If a woman treated with Betaloc ZOK 25 becomes pregnant, she should inform her doctor as soon as possible.

Breastfeeding
Betaloc ZOK 25 should not be used during breastfeeding unless the benefits of treatment outweigh the risks to the breastfed infant.

Driving and operating machinery
The patient should assess their individual response after taking Betaloc ZOK 25, as some patients may experience dizziness or fatigue which may impair psychomotor performance.

Betaloc ZOK 25 contains sodium
This medicine contains less than 1 mmol (23 mg) of sodium per tablet, meaning the medicine is considered "sodium-free".

3. How to use Betaloc ZOK 25

This medicine should always be taken exactly as prescribed by your doctor. If in doubt, consult your doctor or pharmacist.
Available on the market are: Betaloc ZOK 25 (23.75 mg), Betaloc ZOK 50 (47.5 mg), and Betaloc ZOK 100 (95 mg).
Betaloc ZOK 25 tablets (or their halves) must not be chewed or crushed. The tablets (or their halves) should be swallowed whole with liquid.
Betaloc ZOK 25 is usually taken once daily, with or without food. Your doctor will inform you how and when to take the tablets.

Hypertension
Adults
The recommended dose for patients with mild to moderate hypertension is 50 mg once daily. If the response to the 50 mg dose is inadequate, your doctor may increase it to 100–200 mg once daily and/or add another antihypertensive medicine.

Children and adolescents
For children and adolescents over 6 years of age, the dose depends on body weight. Your doctor will determine the appropriate dose.
The usual initial dose is 0.5 mg/kg body weight, not exceeding 50 mg, administered once daily as a tablet with a strength closest to the calculated dose.
Your doctor may increase the dose up to 2 mg/kg body weight depending on blood pressure response.
Betaloc ZOK 25 should not be used in children under 6 years of age.

Angina pectoris
The recommended dose is 100–200 mg once daily. If necessary, your doctor may prescribe Betaloc ZOK 25 in combination with other medicines used in the treatment of angina pectoris.

Symptomatic chronic heart failure
The dose will be determined by your doctor. The recommended initial dose is one 25 mg tablet once daily for the first 2 weeks of treatment. For patients with more severe heart failure, your doctor will recommend taking half a 25 mg tablet once daily during the first week of treatment.

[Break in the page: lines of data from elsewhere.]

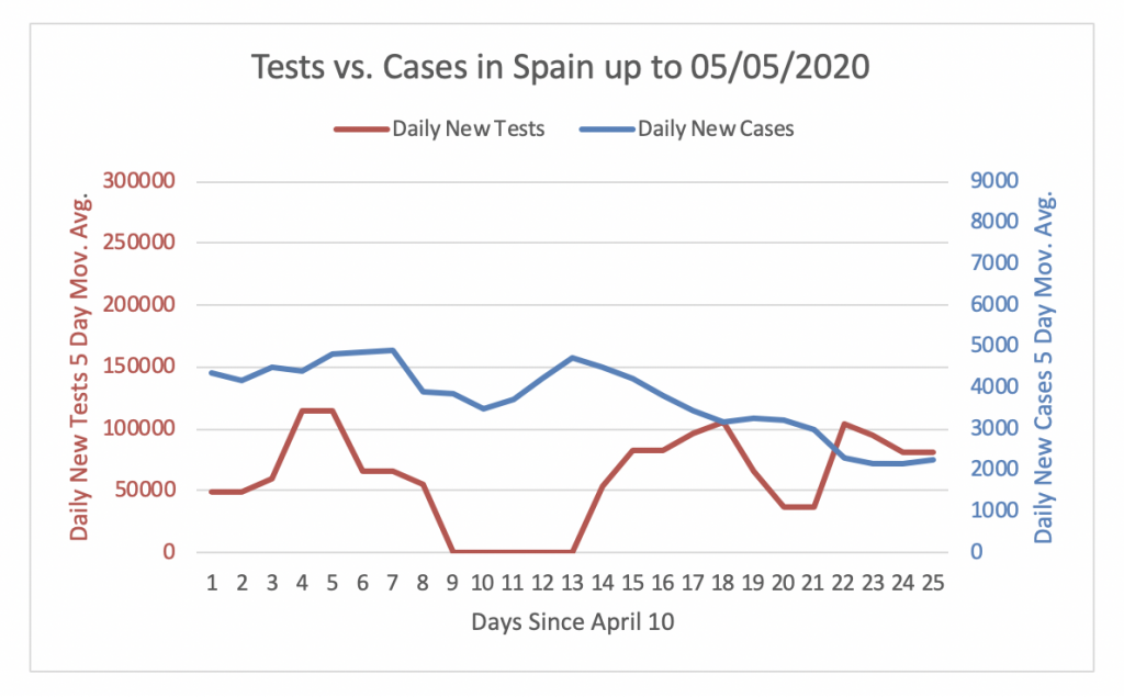 Figure 15 shows that Spain was not performing enough tests to detect cases until the 28th of April. However, in the last few days the daily new tests are adequate to detect cases. The number of daily new tests performed in Spain has been at around 50000 tests per day during the last 24 days. Since the number of daily new cases has been steadily decreasing in the past 24 days, the number of daily new tests is now about 36 times the number of daily new cases.
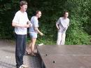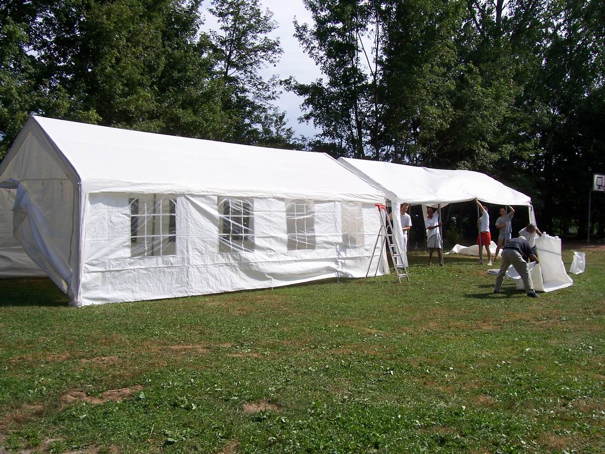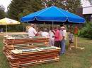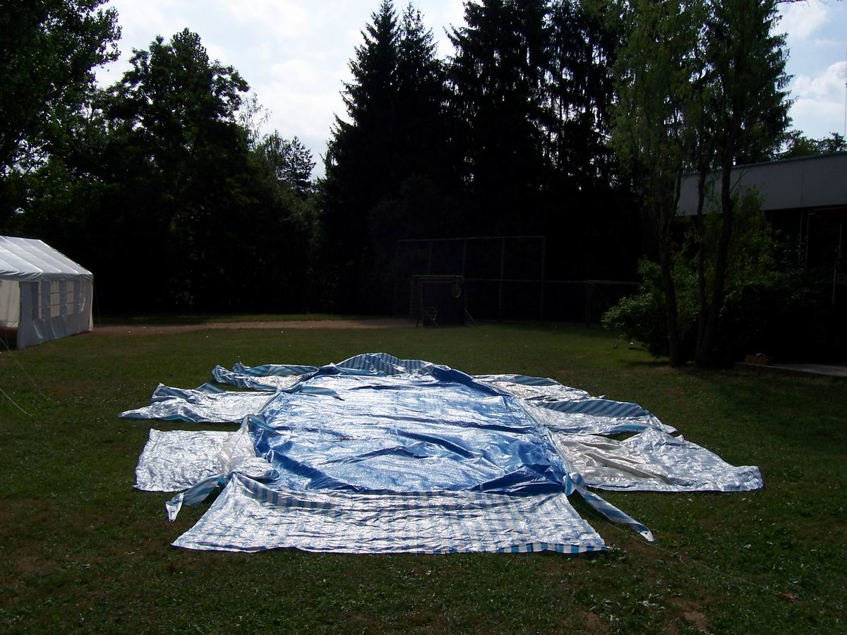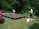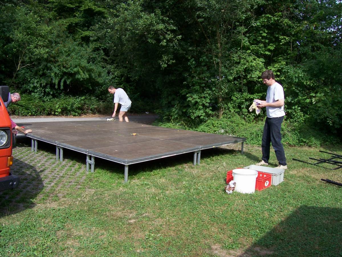 Die Bühnenelemente werden abgebaut ... .. und wieder in den Keller des Bezirksrathauses eingelagert. Ein BüFo-Pavillon liegt zum Trocknen in der Sonne.
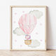 Poster Ballon à Air Chaud Rose, Licorne, Étoiles, Nurseri
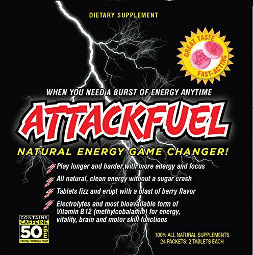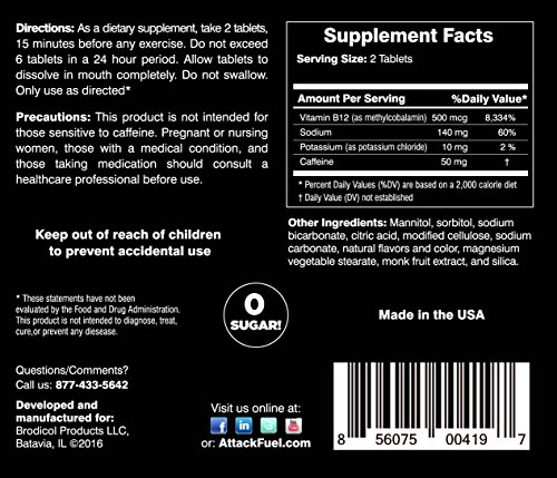 -. Binding : Health and Beauty -. Brand : Creekside Natural Therapeutics -. Feature : All Natural Energy Game Changer for a burst of energy anytime! / Attack Fuel has 50 mgs Caffeine / Enhanced with Electrolytes and the most bio-available form of Vitamin B12 (methylcobalamine) for energy, vitality, brain and motor skill function / Attack Fuel is all natural, clean energy without a sugar crash / Tip: To taste great, let the tablets dissolve (don't chew) and they'll fizz and erupt with a blast of berry flavor -. IsAdultProduct : 0 -. Label : Brodicol Products -. Manufacturer : Brodicol Products -. MPN : 4332492550 -. PackageQuantity : 1 -. PartNumber : 4332492550 -. ProductGroup : Health and Beauty -. ProductTypeName : HEALTH_PERSONAL_CARE -. Publisher : Brodicol Products -. Studio : Brodicol Products -. Title : Attack Fuel-Natural Energy Game Changer Fast Dissolving Tablets

Afterwards, your doctor will double the dose every two weeks until reaching a maximum dose of 200 mg once daily or the highest dose tolerated by the patient.

Cardiac arrhythmias
The recommended dose of Betaloc ZOK 25 is 100–200 mg once daily.

Functional cardiac disorders with palpitations
The recommended dose is 100 mg once daily. If necessary, your doctor may increase the dose to 200 mg once daily.

Prevention of recurrent myocardial infarction or sudden death after the acute phase of myocardial infarction
The recommended dose is 200 mg once daily.

Migraine prophylaxis
The recommended dose is 100–200 mg once daily.

If you feel that the effect of Betaloc ZOK 25 is too strong or too weak, consult your doctor or pharmacist.

Taking more Betaloc ZOK 25 than prescribed
If you take more Betaloc ZOK 25 than prescribed, contact your doctor immediately or go to the nearest hospital emergency department.
In case of significant overdose, the following symptoms may occur: slow or irregular heartbeat, shortness of breath, ankle swelling, sensation of strong heartbeat, dizziness, fainting, chest pain or tightness, cold skin, weakly palpable pulse, confusion, anxiety, cardiac arrest, partial or complete loss of consciousness/coma, nausea, vomiting, and cyanosis.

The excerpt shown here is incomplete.